Studio album by Ivy
- Released: November 8, 2000
- Recorded: 1999–2000
- Studio: Stratosphere Sound; Sony Music (New York, NY)
- Genre: Indie pop; indie rock; new wave;
- Length: 56:08
- Label: Nettwerk
- Producer: Andy Chase; Adam Schlesinger; Peter Nashel;

Ivy chronology
| Apartment Life (1997) | Long Distance (2000) | Guestroom (2002) |

Singles from Long Distance
- "Lucy Doesn't Love You" Released: 2000; "Disappointed" Released: July 10, 2001; "Edge of the Ocean" Released: July 10, 2001;

= Long Distance (Ivy album) =

Long Distance is the third studio album by the American band Ivy.
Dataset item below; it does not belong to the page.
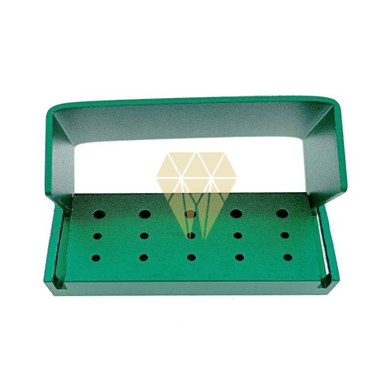 Este fresero cuenta con 15 hoyos para guardar o organizar las fresas durante un procedimiento:
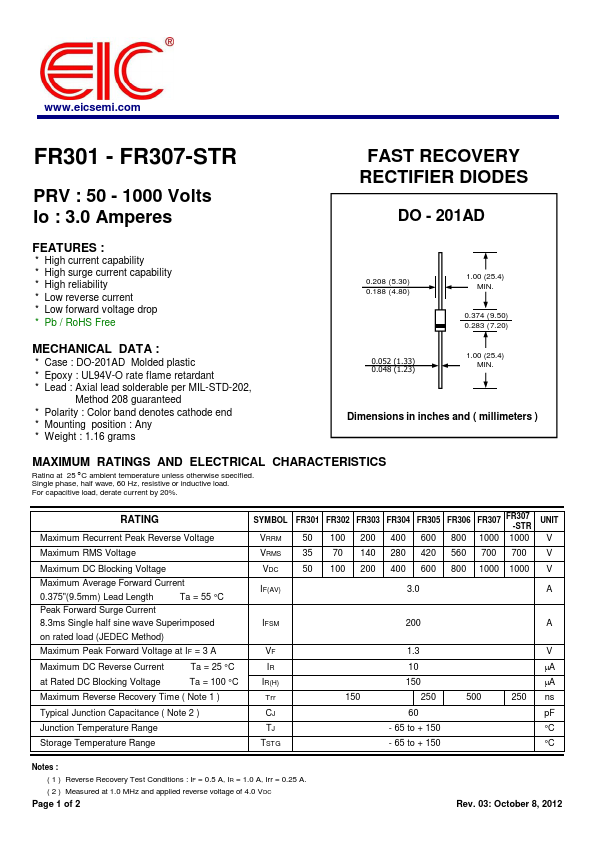 - This datasheet PDF includes multiple part numbers: FR307-STR, FR301.

It was released on November 8, 2000, in Japan, while the US version was released on July 10, 2001, by Nettwerk. A departure from Ivy's previous studio albums Realistic (1995) and Apartment Life (1997), Long Distance was influenced by new wave, but maintained Ivy's signature blend of indie pop and indie rock music. Ivy collaborated with long-time producer Peter Nashel for two of the album's tracks, while the rest were written and produced entirely by members Andy Chase and Adam Schlesinger.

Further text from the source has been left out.